*** Dataset excerpts ***

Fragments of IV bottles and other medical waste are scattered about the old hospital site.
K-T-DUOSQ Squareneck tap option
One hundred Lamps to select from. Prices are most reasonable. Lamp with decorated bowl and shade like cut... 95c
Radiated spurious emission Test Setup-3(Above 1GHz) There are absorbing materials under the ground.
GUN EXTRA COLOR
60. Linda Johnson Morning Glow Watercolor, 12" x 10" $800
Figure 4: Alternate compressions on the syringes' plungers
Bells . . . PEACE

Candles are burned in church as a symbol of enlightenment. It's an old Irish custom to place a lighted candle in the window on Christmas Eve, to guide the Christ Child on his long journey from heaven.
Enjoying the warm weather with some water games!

*** End of Dataset excerpts ***
*** Dataset excerpts ***

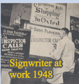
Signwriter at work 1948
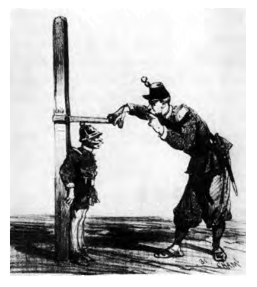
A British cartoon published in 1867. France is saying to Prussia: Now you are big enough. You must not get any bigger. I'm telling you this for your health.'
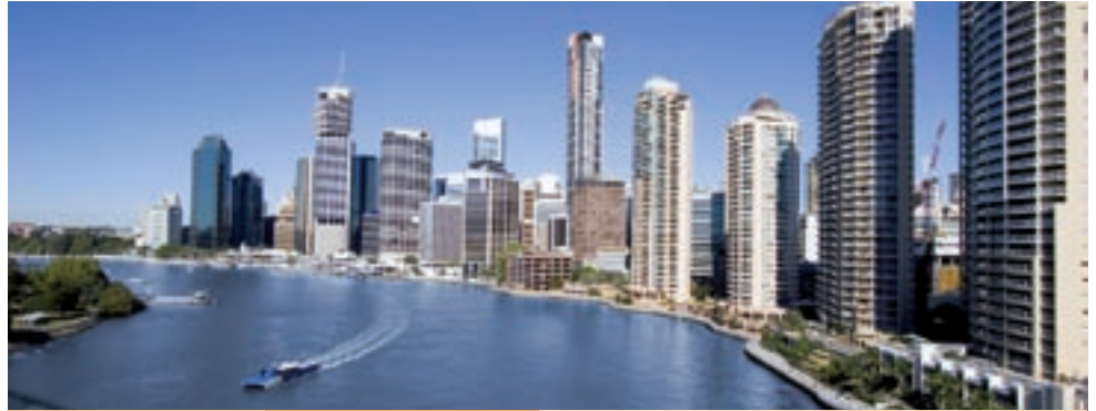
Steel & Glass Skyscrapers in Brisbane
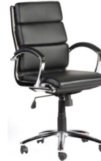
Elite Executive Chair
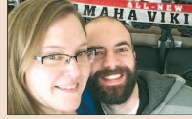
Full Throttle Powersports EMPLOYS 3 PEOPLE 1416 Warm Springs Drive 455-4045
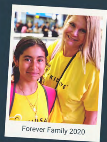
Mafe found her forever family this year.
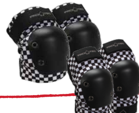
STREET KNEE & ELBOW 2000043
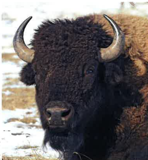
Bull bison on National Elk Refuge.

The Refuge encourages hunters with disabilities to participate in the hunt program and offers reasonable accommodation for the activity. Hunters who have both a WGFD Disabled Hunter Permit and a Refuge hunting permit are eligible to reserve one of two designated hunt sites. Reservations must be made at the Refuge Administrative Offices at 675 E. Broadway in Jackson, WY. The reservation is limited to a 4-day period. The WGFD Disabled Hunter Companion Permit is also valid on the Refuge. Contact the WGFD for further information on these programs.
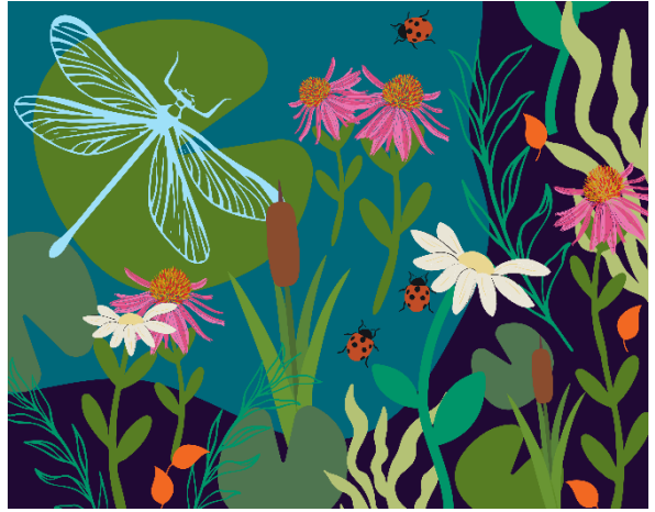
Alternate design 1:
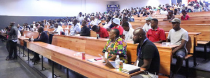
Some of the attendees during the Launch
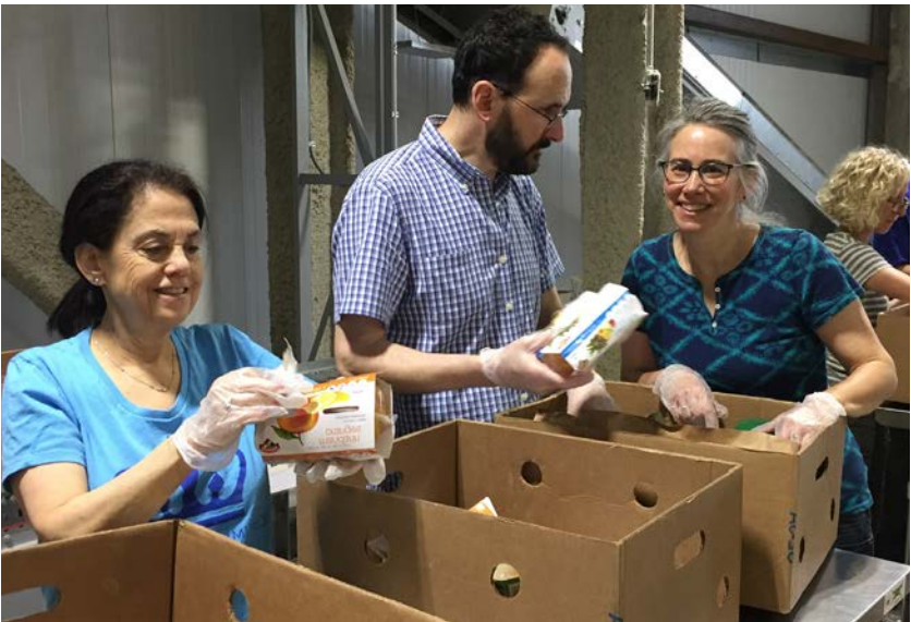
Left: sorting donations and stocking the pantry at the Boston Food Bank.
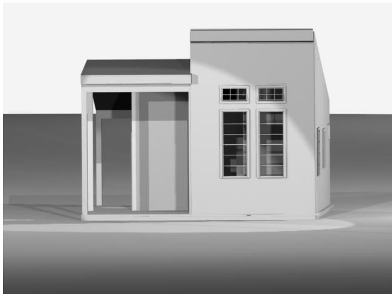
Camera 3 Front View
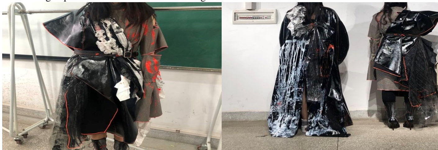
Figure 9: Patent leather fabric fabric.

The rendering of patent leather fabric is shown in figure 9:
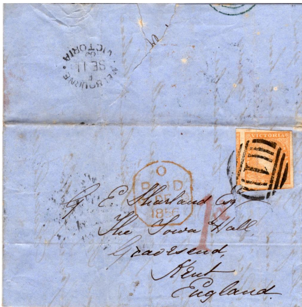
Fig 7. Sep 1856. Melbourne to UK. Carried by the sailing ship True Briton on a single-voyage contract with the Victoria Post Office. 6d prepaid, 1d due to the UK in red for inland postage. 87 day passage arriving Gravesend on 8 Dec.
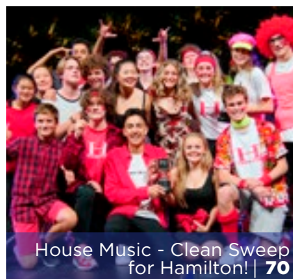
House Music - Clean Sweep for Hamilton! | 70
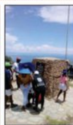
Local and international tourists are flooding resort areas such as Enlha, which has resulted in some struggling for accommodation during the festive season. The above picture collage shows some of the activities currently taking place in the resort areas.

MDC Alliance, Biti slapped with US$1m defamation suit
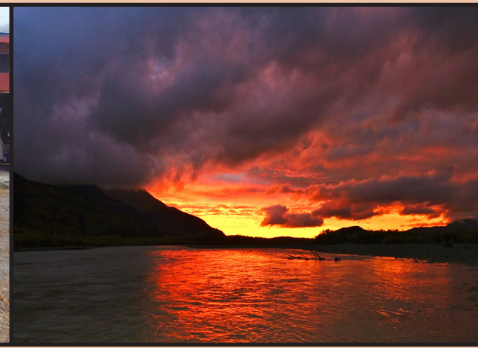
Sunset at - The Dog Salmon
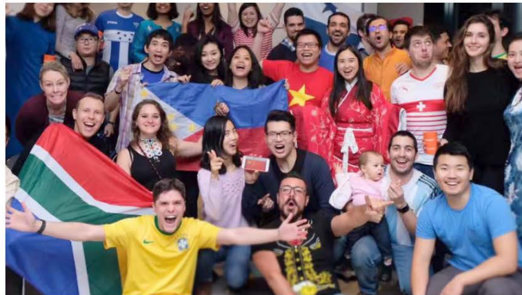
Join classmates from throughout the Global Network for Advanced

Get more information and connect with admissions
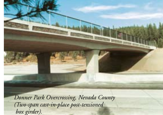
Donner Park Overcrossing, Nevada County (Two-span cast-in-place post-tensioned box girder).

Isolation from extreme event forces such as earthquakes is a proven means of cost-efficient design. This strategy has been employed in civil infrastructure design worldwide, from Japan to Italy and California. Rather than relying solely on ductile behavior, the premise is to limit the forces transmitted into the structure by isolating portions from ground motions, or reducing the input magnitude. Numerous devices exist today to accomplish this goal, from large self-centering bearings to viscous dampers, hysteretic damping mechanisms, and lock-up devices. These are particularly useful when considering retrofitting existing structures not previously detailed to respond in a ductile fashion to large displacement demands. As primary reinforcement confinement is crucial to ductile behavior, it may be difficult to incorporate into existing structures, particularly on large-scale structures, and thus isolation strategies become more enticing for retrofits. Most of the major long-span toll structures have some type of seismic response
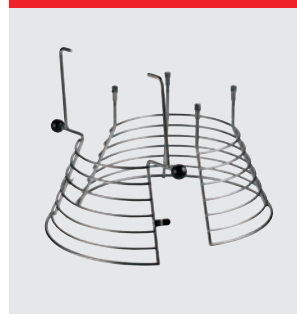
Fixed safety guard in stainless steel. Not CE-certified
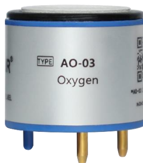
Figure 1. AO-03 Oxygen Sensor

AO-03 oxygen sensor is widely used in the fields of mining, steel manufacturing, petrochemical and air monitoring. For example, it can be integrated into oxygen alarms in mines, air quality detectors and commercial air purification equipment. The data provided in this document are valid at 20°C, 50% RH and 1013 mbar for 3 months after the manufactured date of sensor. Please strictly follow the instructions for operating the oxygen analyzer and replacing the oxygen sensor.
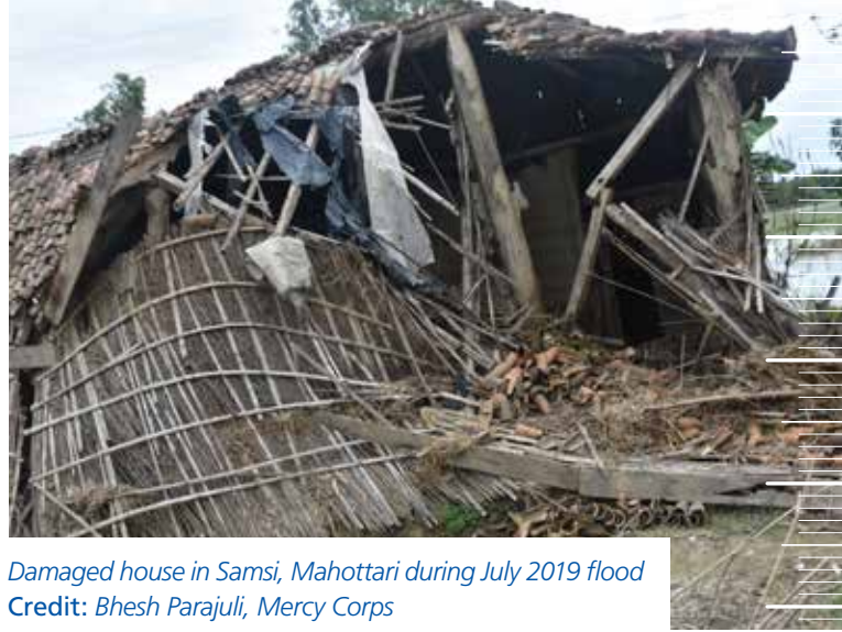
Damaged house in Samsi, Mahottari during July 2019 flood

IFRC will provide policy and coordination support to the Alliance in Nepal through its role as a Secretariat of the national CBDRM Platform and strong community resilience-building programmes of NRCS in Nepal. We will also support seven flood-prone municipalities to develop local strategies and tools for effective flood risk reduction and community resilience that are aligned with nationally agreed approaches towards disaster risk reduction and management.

*** End of Dataset excerpts ***

**What is needed**
From the records above, transcribe exactly the run of lines that opens with the line holding "Fragments of IV" and closes with the line holding "Enjoying the warm", both included.

**Output for this exercise**
Fragments of IV bottles and other medical waste are scattered about the old hospital site.
K-T-DUOSQ Squareneck tap option
One hundred Lamps to select from. Prices are most reasonable. Lamp with decorated bowl and shade like cut... 95c
Radiated spurious emission Test Setup-3(Above 1GHz) There are absorbing materials under the ground.
GUN EXTRA COLOR
60. Linda Johnson Morning Glow Watercolor, 12" x 10" $800
Figure 4: Alternate compressions on the syringes' plungers
Bells . . . PEACE

Candles are burned in church as a symbol of enlightenment. It's an old Irish custom to place a lighted candle in the window on Christmas Eve, to guide the Christ Child on his long journey from heaven.
Enjoying the warm weather with some water games!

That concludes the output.